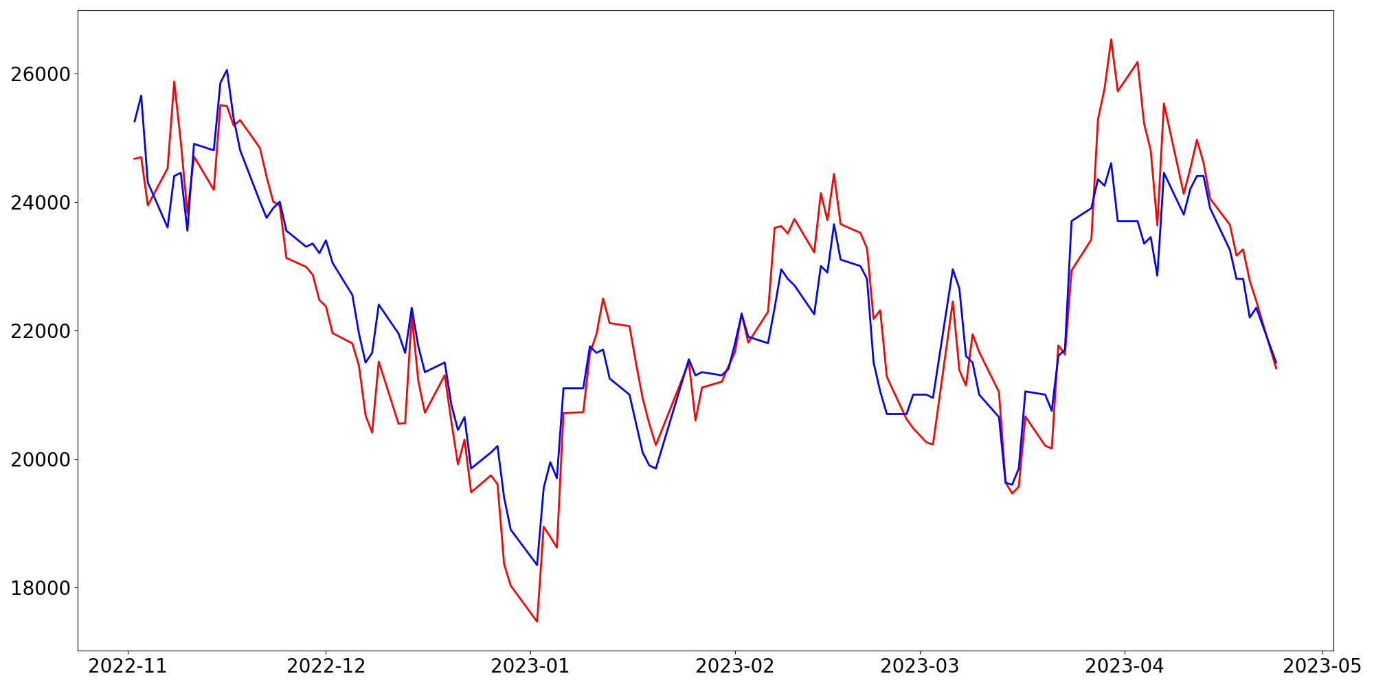 [ - : 실제값(종가) / - : 예측값(종가) ]
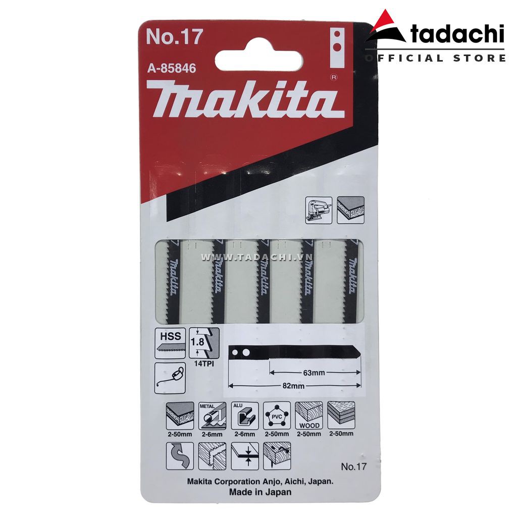 Nhà cửa & Đời sống > Dụng cụ & Thiết bị tiện ích > Dụng cụ > Cưa, máy cắt & máy mài || Lưỡi cưa lọng chuôi có lỗ No.17 Makita A-85846 (01 lưỡi)Còn hàng
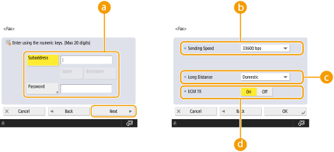 2 | Press <Set Details> and specify settings as necessary. ![]() <Subaddress>/<Password>Specify when sending or receiving documents to increase security by attaching a subaddress and password to all of your fax transactions. Basic Operations for Sending Faxes <Sending Speed>Depending on the recipient's fax machine or the status of the line, a transmission error may occur due to the transmission speed. If errors occur frequently, lower this setting value. <Long Distance>If transmission errors occur frequently when you make overseas calls, select <International (1)>. If errors persist, change the setting to <International (2)> or <International (3)>. <ECM TX>Select <On> to correct image errors. Select <Off> if the recipient's fax machine does not support the Error Correction Mode (ECM). ![]() To send faxes using ECM, it is also necessary to set <Fax Settings> <ECM TX> to <On>.![]() Although there are items you can set in the fax setting (Fax Basic Features Screen), it is convenient to set them here if you want to change the sending conditions for each destination. Set <Auto Adjust Communication Speed When Using VoIP> to <On> to send and receive faxes more accurately when the line or other party is prone to errors. If you set this to <On>, the communication speed is limited to 14,400 bps or slower, which reduces errors. |
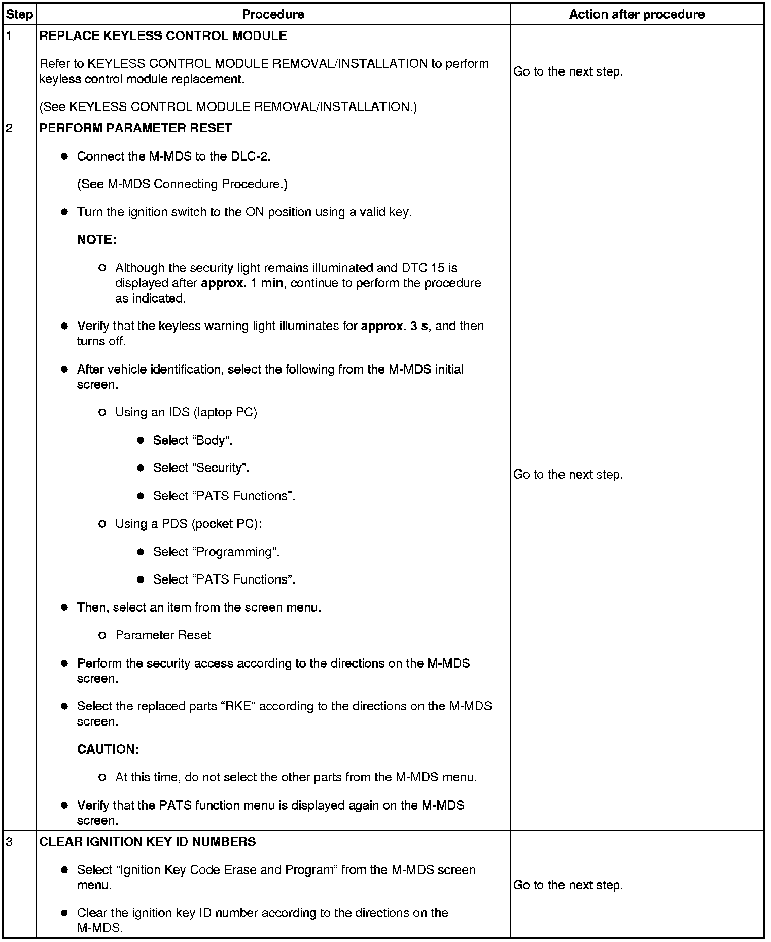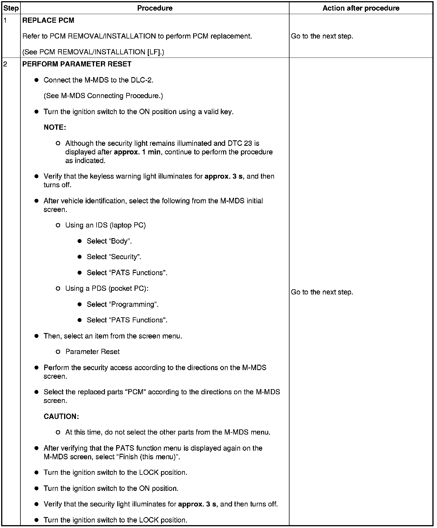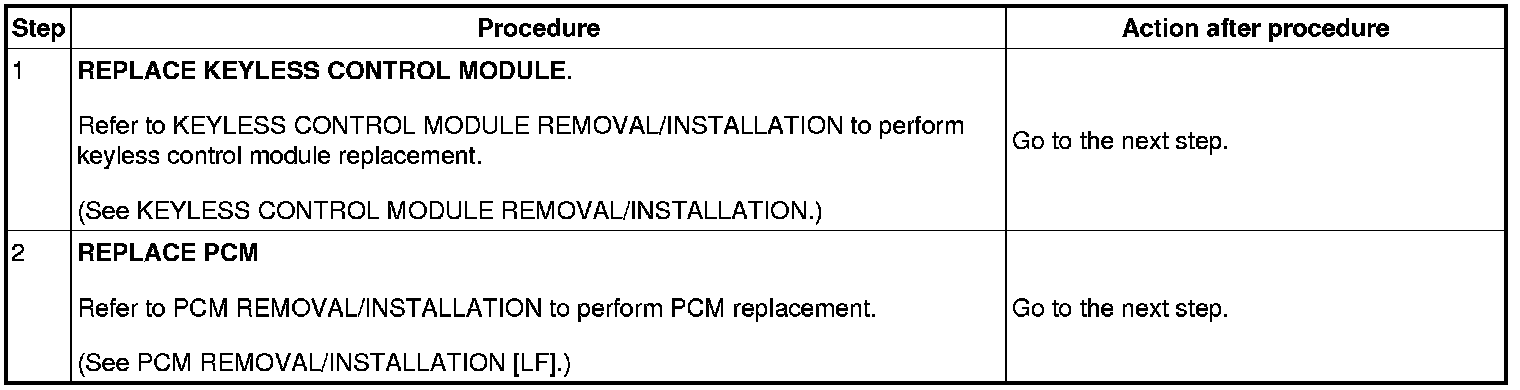 No.6 Programming Procedure Due to Simultaneous Replacement of Immobilizer System-related Parts (PCM and Keyless Control Module)
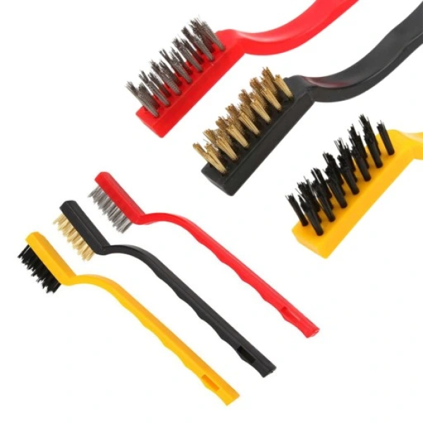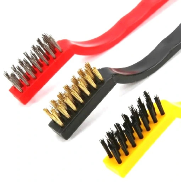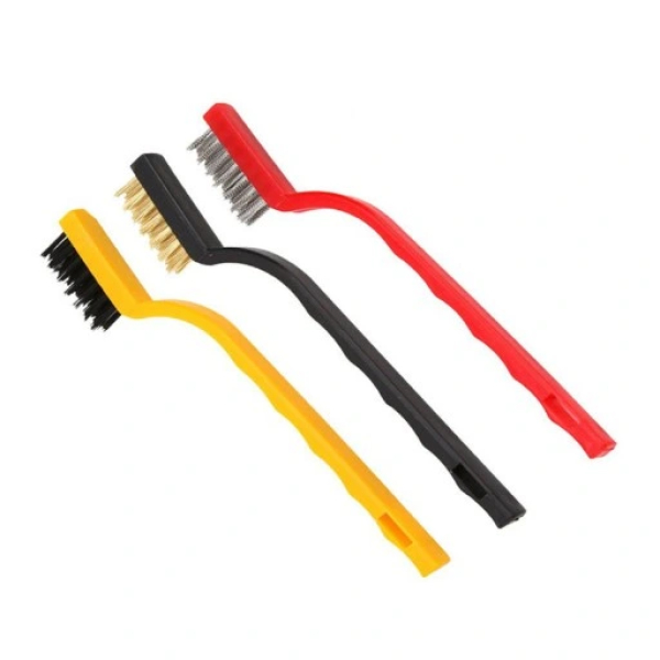 - Materiał: plastik (uchwyt) + stal / mosiądz / nylon (szczotki)
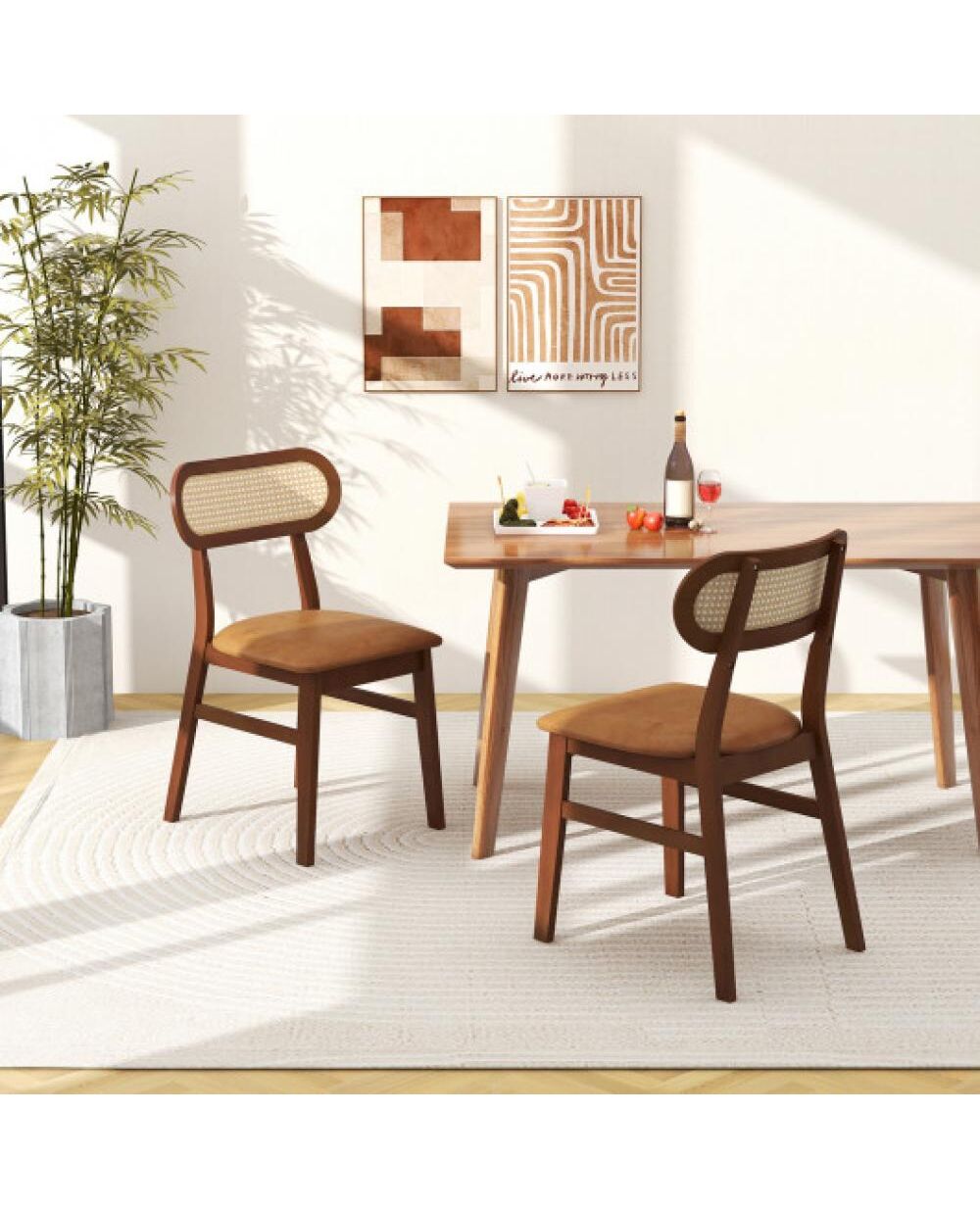 Indoor Mid Century Wood Dining Chairs Set of 2 for Dining Room-Coffee

════

PROBLEM STATEMENT. Go from the first line of the data above to the line containing "Nhà cửa & Đời" and retype exactly those lines, both included, but none of the pictures.

YOUR SOLUTION.
 [ - : 실제값(종가) / - : 예측값(종가) ]
 Nhà cửa & Đời sống > Dụng cụ & Thiết bị tiện ích > Dụng cụ > Cưa, máy cắt & máy mài || Lưỡi cưa lọng chuôi có lỗ No.17 Makita A-85846 (01 lưỡi)Còn hàng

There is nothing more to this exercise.